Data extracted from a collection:
/---
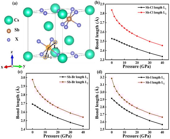 To explain the shrinking bandgap and lattice constant of the Cs3Sb2X9 under pressure, we also calculated the relation between the bond length and the pressure. As shown in Figure 4a, two different bond lengths, L1 and L2, are defined as the short and long Sb-X bonds, respectively. The bond lengths were obtained using the VESTA. Figure 4b–d presented bond length as a function of pressure for Cs3Sb2X9. The bond lengths of Cs3Sb2Cl9, Cs3Sb2Br9 and Cs3Sb2I9 increase in order without pressure, which can be explained by the increase in the atomic radius of halogen atoms [28]. Both short and long Sb-X bond lengths decrease with pressure, indicating that Cs3Sb2X9 are compressed under the pressure. The variation range in short bond L1 of the Cs3Sb2X9 is 2.53–2.34, 2.69–2.44 and 2.92–2.56 Å, respectively. The long bond L2 varies in the range of 2.84–2.45, 2.98–2.54 and 3.18–2.66 Å, respectively. The theoretically calculated bond lengths of Cs3Sb2X9 under the pressure from 0–40 GPa are shown in Supplementary Materials Table S5. The previous work also showed that the electronic structure of Cs3Sb2X9 was strongly affected by the Sb-X bond length [19,38]. In addition, L1 and L2 rapidly decrease at first and then slowly, which means that the increasing proximity of adjacent [Sb2X9]3− polyhedra leads to electrostatic interactions becoming strong under high pressure [19]. As the pressure increases, the Sb and X orbitals gradually overlap, and the electronic band dispersion increases as the Sb-X bond contracts. As a result, the CBM gradually decreases towards the Fermi energy level, and the VBM starts to rise simultaneously [17]. As a result, the narrowing of the bandgap at high pressure is presented. Combined with the above analysis, the reduction in bond length leads to a shrinkage in the lattice constant and further reduces the bandgap.
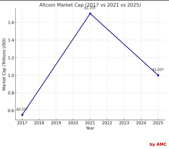 Es ko ghoor se dekhna ye Alts ke markit cap ha 1 side or 2nd side horizontal me me NY year share kiye es grap ko samjo to Samaj me Aaye ga k 2017 k alts ke ralley ko compare karo to 2025 ka alts season complete ho Chuka ha ma ma 12345678901 but if we compare it with 2021 ye almost complete hony k kareeb ha sub k mind me 1 question Aaye ga 2017 me to coin 20x howy the and 2021 5x to 10x ma ma 12345678901 but 2025 me ASA howa e nhe so alts season kesy ..
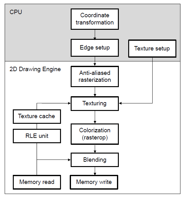 | 2 | 图像和纹理的复制与缩放 2D绘图引擎能够对图像或纹理进行高效的复制、缩放、旋转等操作。适用于图标缩放、背景图像平滑移动等用户界面效果。 |
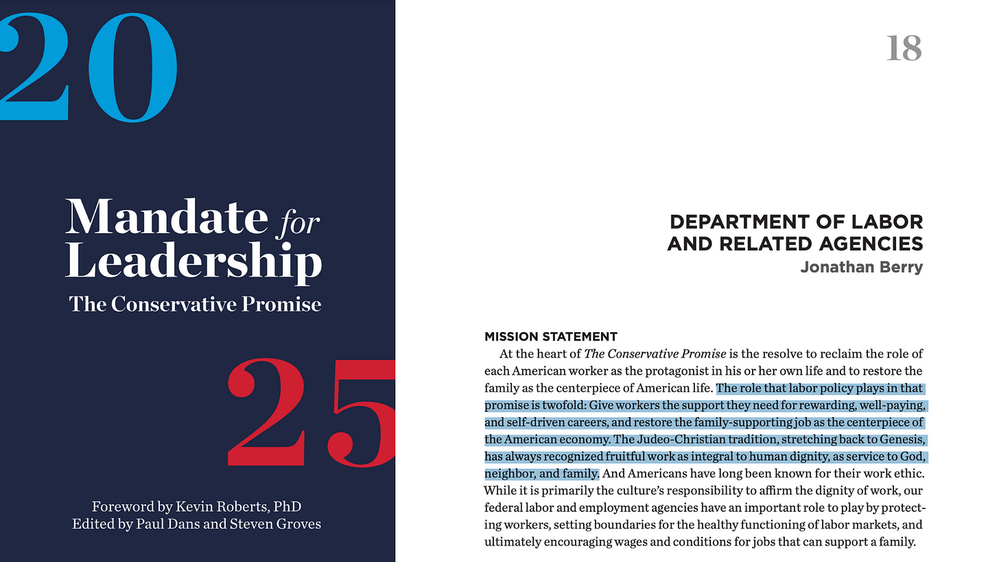 Project 2025 contains no proposals to strengthen workers' voices or make it easier to unionize. It doesn't support allowing the NLRB to fine companies that violate labor laws, a key provision of the PRO Act. Instead, the plan's labor section opens with a religious statement that quickly pivots to culture war issues, targeting diversity, equity, and inclusion (DEI) initiatives in the workplace. The entire chapter on labor only includes one single recommendation to raise workers' pay, suggesting overtime pay for work on the Sabbath, based on religious grounds.
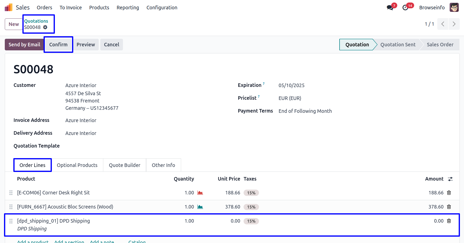 User can see the delivery rate is updated in sale order line. Now click on Confirm button to confirm the sale order.
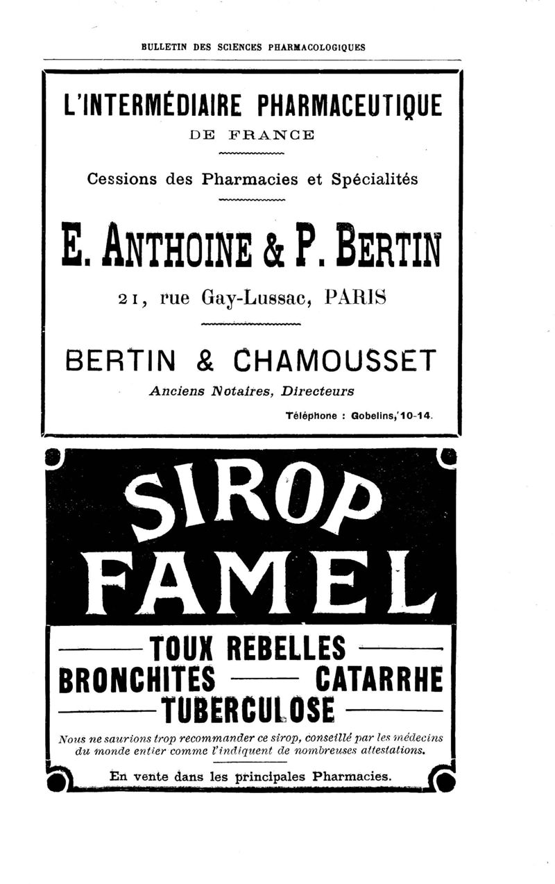Bulletin des sciences pharmacologiques : organe scientifique et professionnel [Annexes : partie professionnelle et commerciale]
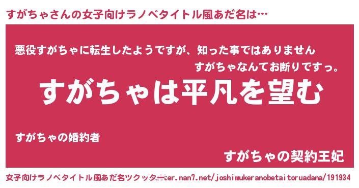 | 男性向けラノベタイトル風あだ名 | 『ダンジョンにすがちゃを求めるのは間違っているだろうか』 |
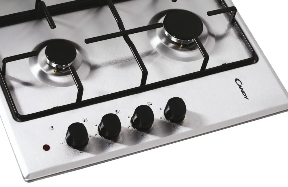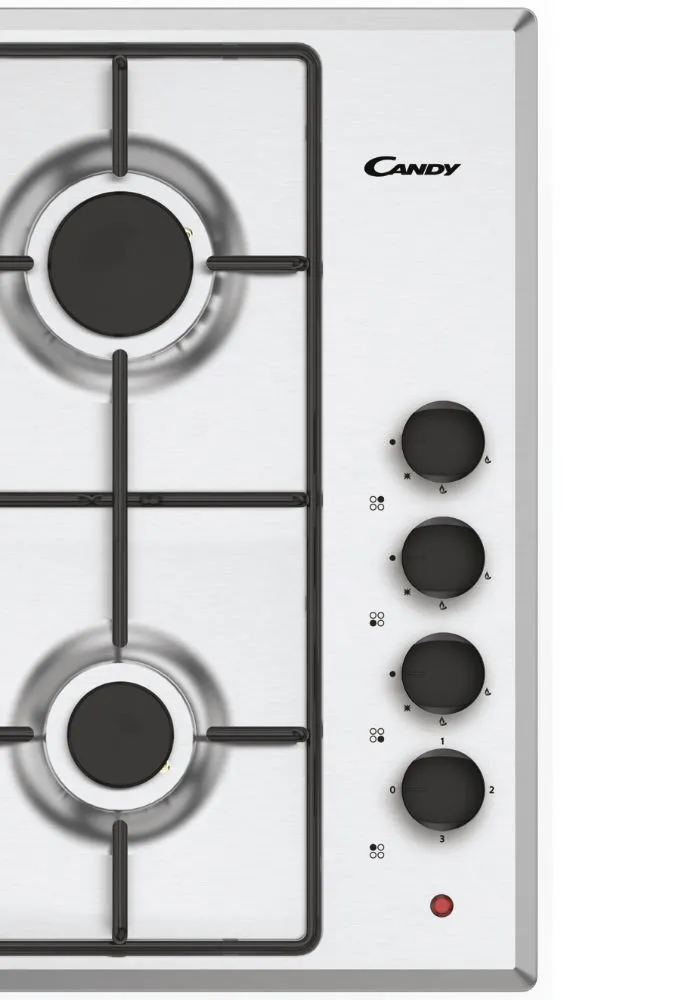 Candy kombinirana kuhalna plošča CMGH  31 X  v inox barvi, s tremi plinskimi in enim električnim kuhališčem. Za varnost poskrbijo elektromagnetna varovala za vsak gorilnik posebej. Upravljanje je mehansko z gumbi, ki so nameščeni na desni strani plošče.
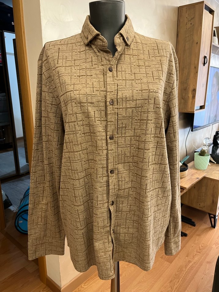 Vizon renkli, uzun kollu ve düğmeli erkek keten gömlek. Notlu yaka ve slim fit kesime sahip, ofis ve günlük sokak tarzına uygun.
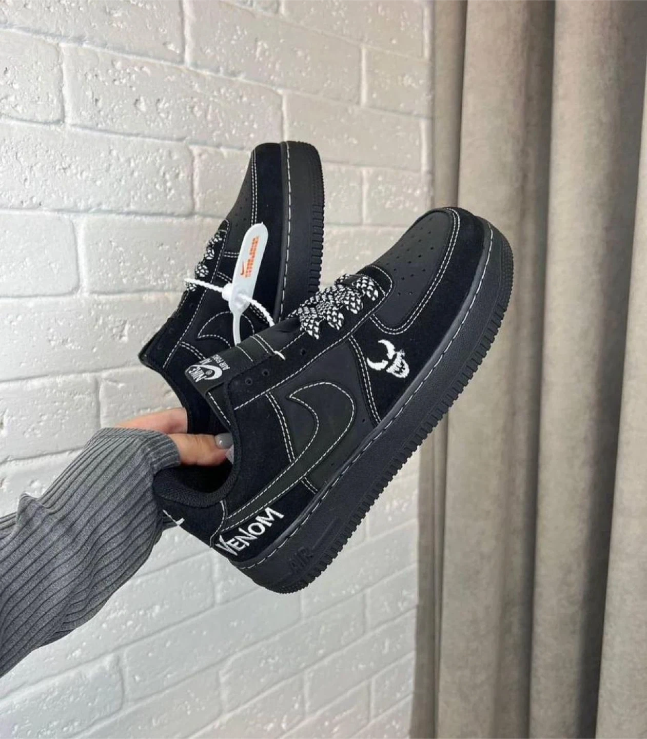 Selling a pair of Nike Air Force 1 Low custom sneakers in black with Venom detailing! These shoes have a unique design and are in great condition. Perfect for adding a touch of style to your wardrobe
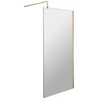 Hudson Reed WRSBB90 Modern Bathroom /'Shower Shield/' Coated 8mm Toughened Safety Glass Wetroom Screen with Support Bar, 900mm, Brushed Brass
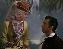 Granger, who performed most of his stunts himself, took fencing lessons with Jean Heremans when preparing for the role.[3] The 8-minute-long duel in the theater between Granger and Ferrer took eight weeks of preparation, including memorizing eighty-seven fencing passes.[3] Filming this scene left Granger with a wrenched knee, a damaged shoulder, and an injured back.[3] Other accidents on set included Jean Simmons – who was visiting her husband Granger – almost receiving a sword in her face, and a chandelier hitting a mattress upon which Granger was supposed to lie and embedding itself in the stage.[13][14] Fortunately for Granger, he insisted on seeing the chandelier dropped once before shooting the scene.[3]
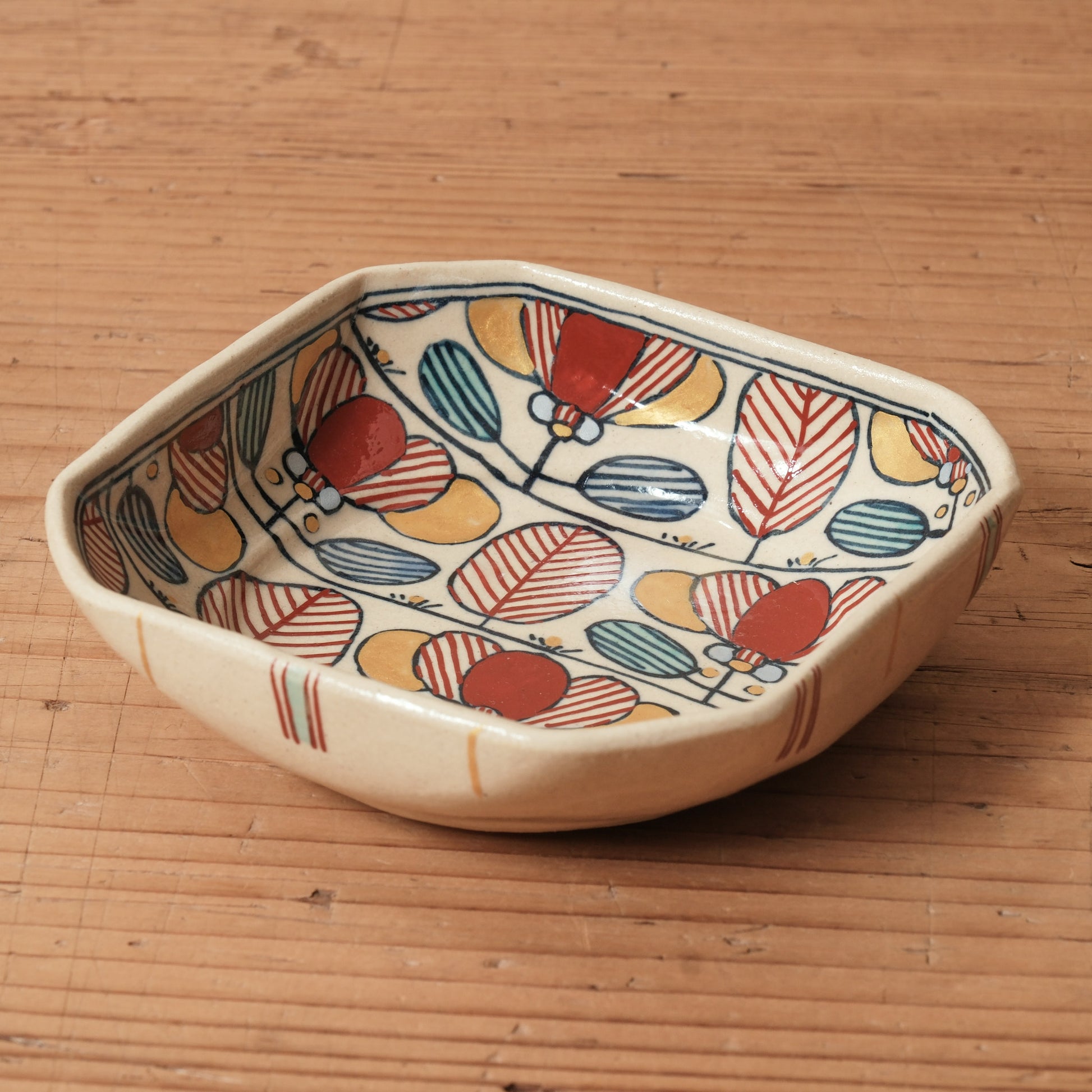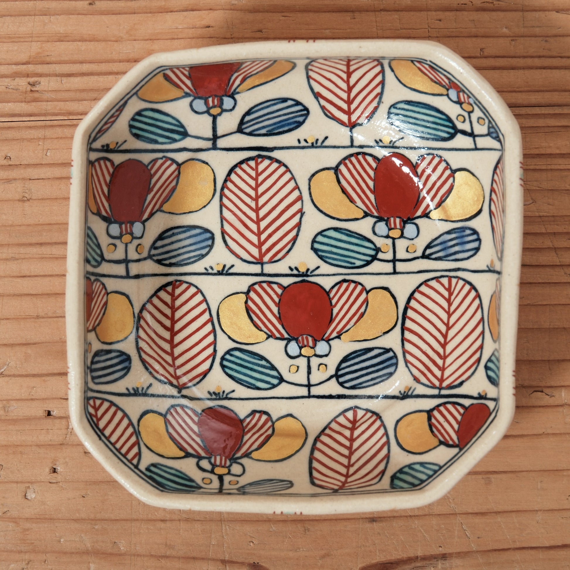 温かな色合いの赤絵と金彩が映える、幅約11cmの角鉢です。
\---
- [Task description]
Copy each line above exactly, with no images.

- [Solution to this task]
 To explain the shrinking bandgap and lattice constant of the Cs3Sb2X9 under pressure, we also calculated the relation between the bond length and the pressure. As shown in Figure 4a, two different bond lengths, L1 and L2, are defined as the short and long Sb-X bonds, respectively. The bond lengths were obtained using the VESTA. Figure 4b–d presented bond length as a function of pressure for Cs3Sb2X9. The bond lengths of Cs3Sb2Cl9, Cs3Sb2Br9 and Cs3Sb2I9 increase in order without pressure, which can be explained by the increase in the atomic radius of halogen atoms [28]. Both short and long Sb-X bond lengths decrease with pressure, indicating that Cs3Sb2X9 are compressed under the pressure. The variation range in short bond L1 of the Cs3Sb2X9 is 2.53–2.34, 2.69–2.44 and 2.92–2.56 Å, respectively. The long bond L2 varies in the range of 2.84–2.45, 2.98–2.54 and 3.18–2.66 Å, respectively. The theoretically calculated bond lengths of Cs3Sb2X9 under the pressure from 0–40 GPa are shown in Supplementary Materials Table S5. The previous work also showed that the electronic structure of Cs3Sb2X9 was strongly affected by the Sb-X bond length [19,38]. In addition, L1 and L2 rapidly decrease at first and then slowly, which means that the increasing proximity of adjacent [Sb2X9]3− polyhedra leads to electrostatic interactions becoming strong under high pressure [19]. As the pressure increases, the Sb and X orbitals gradually overlap, and the electronic band dispersion increases as the Sb-X bond contracts. As a result, the CBM gradually decreases towards the Fermi energy level, and the VBM starts to rise simultaneously [17]. As a result, the narrowing of the bandgap at high pressure is presented. Combined with the above analysis, the reduction in bond length leads to a shrinkage in the lattice constant and further reduces the bandgap.
 Es ko ghoor se dekhna ye Alts ke markit cap ha 1 side or 2nd side horizontal me me NY year share kiye es grap ko samjo to Samaj me Aaye ga k 2017 k alts ke ralley ko compare karo to 2025 ka alts season complete ho Chuka ha ma ma 12345678901 but if we compare it with 2021 ye almost complete hony k kareeb ha sub k mind me 1 question Aaye ga 2017 me to coin 20x howy the and 2021 5x to 10x ma ma 12345678901 but 2025 me ASA howa e nhe so alts season kesy ..
 | 2 | 图像和纹理的复制与缩放 2D绘图引擎能够对图像或纹理进行高效的复制、缩放、旋转等操作。适用于图标缩放、背景图像平滑移动等用户界面效果。 |
 Project 2025 contains no proposals to strengthen workers' voices or make it easier to unionize. It doesn't support allowing the NLRB to fine companies that violate labor laws, a key provision of the PRO Act. Instead, the plan's labor section opens with a religious statement that quickly pivots to culture war issues, targeting diversity, equity, and inclusion (DEI) initiatives in the workplace. The entire chapter on labor only includes one single recommendation to raise workers' pay, suggesting overtime pay for work on the Sabbath, based on religious grounds.
 User can see the delivery rate is updated in sale order line. Now click on Confirm button to confirm the sale order.
Bulletin des sciences pharmacologiques : organe scientifique et professionnel [Annexes : partie professionnelle et commerciale]
 | 男性向けラノベタイトル風あだ名 | 『ダンジョンにすがちゃを求めるのは間違っているだろうか』 |
 Candy kombinirana kuhalna plošča CMGH  31 X  v inox barvi, s tremi plinskimi in enim električnim kuhališčem. Za varnost poskrbijo elektromagnetna varovala za vsak gorilnik posebej. Upravljanje je mehansko z gumbi, ki so nameščeni na desni strani plošče.
 Vizon renkli, uzun kollu ve düğmeli erkek keten gömlek. Notlu yaka ve slim fit kesime sahip, ofis ve günlük sokak tarzına uygun.
 Selling a pair of Nike Air Force 1 Low custom sneakers in black with Venom detailing! These shoes have a unique design and are in great condition. Perfect for adding a touch of style to your wardrobe
 Hudson Reed WRSBB90 Modern Bathroom /'Shower Shield/' Coated 8mm Toughened Safety Glass Wetroom Screen with Support Bar, 900mm, Brushed Brass
 Granger, who performed most of his stunts himself, took fencing lessons with Jean Heremans when preparing for the role.[3] The 8-minute-long duel in the theater between Granger and Ferrer took eight weeks of preparation, including memorizing eighty-seven fencing passes.[3] Filming this scene left Granger with a wrenched knee, a damaged shoulder, and an injured back.[3] Other accidents on set included Jean Simmons – who was visiting her husband Granger – almost receiving a sword in her face, and a chandelier hitting a mattress upon which Granger was supposed to lie and embedding itself in the stage.[13][14] Fortunately for Granger, he insisted on seeing the chandelier dropped once before shooting the scene.[3]
 温かな色合いの赤絵と金彩が映える、幅約11cmの角鉢です。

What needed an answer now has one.